David Cope's newest book, Virtual Music, arose out of a weekend of papers, panels, concerts, and discussions devoted to Mr. Cope's extraordinary Experiments in Musical Intelligence (EMI) software. EMI is a program which, when given a set of compositions by a particular composer (or composers) as input, attempts to autonomously compose new pieces in the style of the source music. The weekend's events included a highly distinguished panel of presenters, including Mr. Cope, Douglas Hofstadter, Eleanor Selfridge-Field, Bernard Greenberg, Steve Larson, Jonathan Berger, and Daniel Dennett, each of whom also contributed at least one chapter to the book.

Virtual Music is divided into four parts. The first provides a context for EMI by giving a historical overview of algorithmic composition, and also includes an informal description of the mechanics of EMI (given by Mr. Hofstadter). The second part provides a detailed "case study," demonstrating the composition of an EMI work from beginning to end. The third part consists of scholarly evaluation and commentary on the program. The concluding section includes Mr. Cope's response to the criticisms offered by the other scholars, as well as his speculations on the directions the software might take in the future. The book's multiple appendices contain generous amounts of musical examples, and an audio CD of EMI compositions is included as well.

Mr. Hofstadter's segment in the first part of the book is one of the highlights, both for his excellent overview of EMI and for the humorous manner in which he is able to raise some of the troubling philosophical questions that the software provokes. Mr. Hofstadter reduces the essential operation of the program (when given a set of pieces to operate on) to two actions: 1) chop-up, then 2) reassemble. In the "chop-up" phase, the program dynamically segments the input music into meaningful units (on several levels of hierarchical structure). This is no easy task, as the musical material must be chopped up finely enough so that the end result doesn't overly resemble the original sources, but not so fine that the musical coherence becomes lost.

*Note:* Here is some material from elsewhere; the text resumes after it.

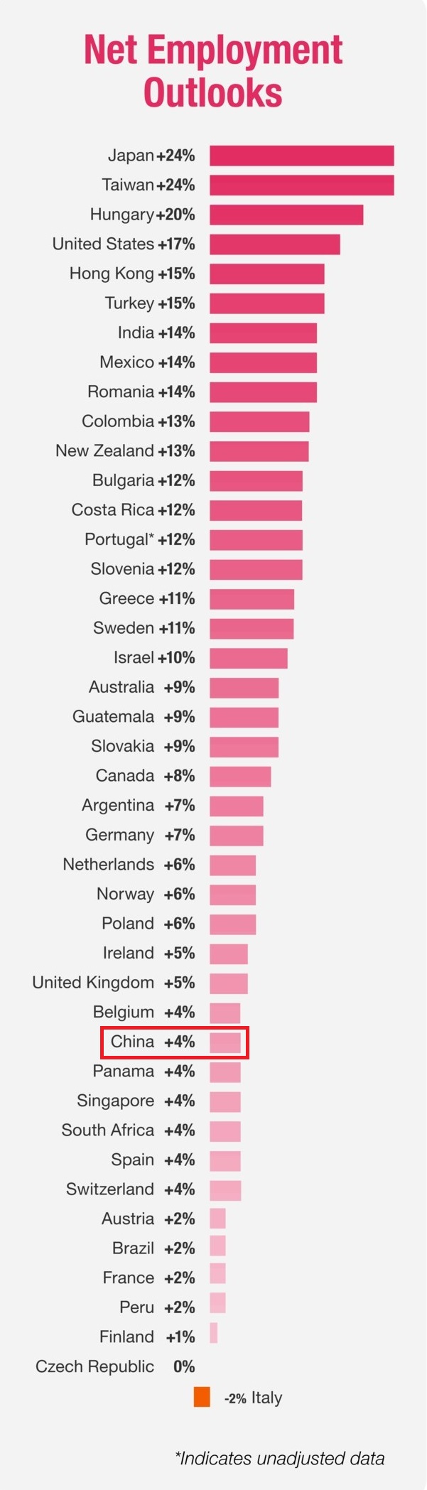 萬寶華盛ManpowerGroup最新的雇傭前景調(diào)查顯示,2017年第三季度,受調(diào)查的43個地區(qū)中,有41個地區(qū)的雇主計劃擴(kuò)大招聘。其中,招聘意愿最強(qiáng)烈的地區(qū)是日本、臺灣、匈牙利和美國,而意大利、捷克、芬蘭等地的雇主招聘意愿最低。亞太地區(qū),中國和新加坡兩地的雇主招聘意愿最低。(美通社,2017年6月11日洛杉磯)

In the "reassemble" phase, the program constructs a piece of music by recombining the fragments, attempting both to create a coherent flow on the local level and to ensure that the global patterning of fragments resembles that of the source music.

A number of underlying principles guide the program through these two main stages. The local flow is achieved in part through strong voice-leading rules. As Mr. Hofstadter describes, "Imagine that we have just inserted a fragment f1, and are considering whether to insert fragment f2 right after it, drawn from somewhere [else] in the input." EMI's voice-leading rules stipulate that "the initial note of the melodic line of fragment f2 should coincide with the next melodic note to which fragment f1 led in the original context. In other words, a given fragment's melodic line should link up smoothly with the melodic line of its successor fragment."

The succession of fragments is also guided by a framework of "tension-resolution," which EMI quantifies by attaching one of the letters S, P, E, A, or C to the fragment. The letters stand for Statement, Preparation, Extension, Antecedent, and Consequent. This framework attempts to capture where on the tension-resolution continuum the fragment is situated. EMI determines the appropriate label for a given fragment by examining such things as the level of dissonance in the sonority as well as the metrical [End Page 92] placement of the fragment. The software attempts to determine the tension-resolution status of a fragment not only on the local level but also on multiple hierarchical levels (the level of the phrase, of the period, of the section, etc.). Mr. Hofstadter sums up the core local and global processes of EMI as follows: 1) "Sequential assembly of fragments that...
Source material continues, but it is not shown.